(Excerpts from a dataset)
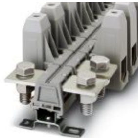
Universal terminal block with bolt connection, cross section: 70 ... 240 mm 2 , width: 53 mm, color: gray

Please be informed that the data shown in this PDF Document is generated from our Online Catalog. Please find the complete data in the user's documentation. Our General Terms of Use for Downloads are valid ( http://phoenixcontact.com/download )
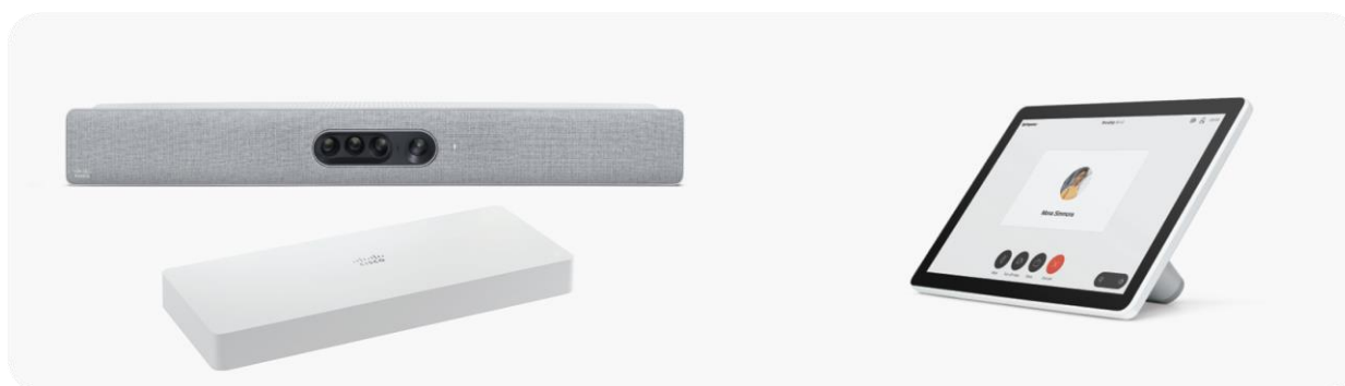
Figure 2. Default components of the Webex Room Kit Plus: Webex Codec Plus, Webex Quad Camera, Webex Room Navigator
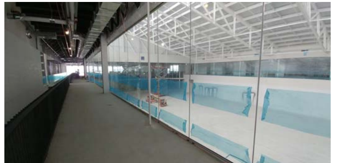
13. Walking Loop view into Rink 1
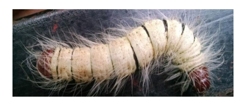
Figure 5. "Mimpemba" a caterpillar whose scientific name is not yet known. Photo taken at Loumou, south of Republic of the Congo (04°08'S, 15°07'E, altitude 365 m), on 29<sup>th</sup> July 2019.

The caterpillar in photo (h) figure 1 in Okangola et al. (2016) named Bunaeopsis aurantiaca probably corresponds to the caterpillar in figure 11 of Bocquet et al. (2020) published in the journal Geo-Eco-Trop, vol. 44 (1) and those of Mabossy-Mobouna et al. (2022)(see page 21) named Pseudantheraea discrepans . On the other hand, the caterpillar named Pseudantheraea discrepans in figure 1, photo (h) page 281 of Okangola et al. (2016), a white caterpillar, is quite different from the Pseudantheraea discrepans in figure 11 of Bocquet et al. (2020) page 118 and on page 20 in Mabossy-Mobouna et al. (2022) published in African Journal of Tropical Entomology Research, Vol. 1 (1):3-27.
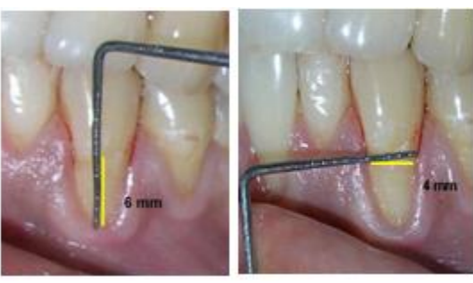
Figure 1: Measurement of Recession Depth and Width

After part preparation the area was anaesthetised using 2% Lignocaine with 1:80,000 adrenaline. Care was taken that the local anaesthetic infiltration did not give rise to "ballooning" effect in the recipient area. Measurement of recession depth and width were carried out [Figs 1].

AIM OF THE TASK: Starting from the line with "Figure 1: Measurement", write out every remaining line of the data above exactly, the final line included, and nothing before it.

FINISHED EXERCISE:
Figure 1: Measurement of Recession Depth and Width

After part preparation the area was anaesthetised using 2% Lignocaine with 1:80,000 adrenaline. Care was taken that the local anaesthetic infiltration did not give rise to "ballooning" effect in the recipient area. Measurement of recession depth and width were carried out [Figs 1].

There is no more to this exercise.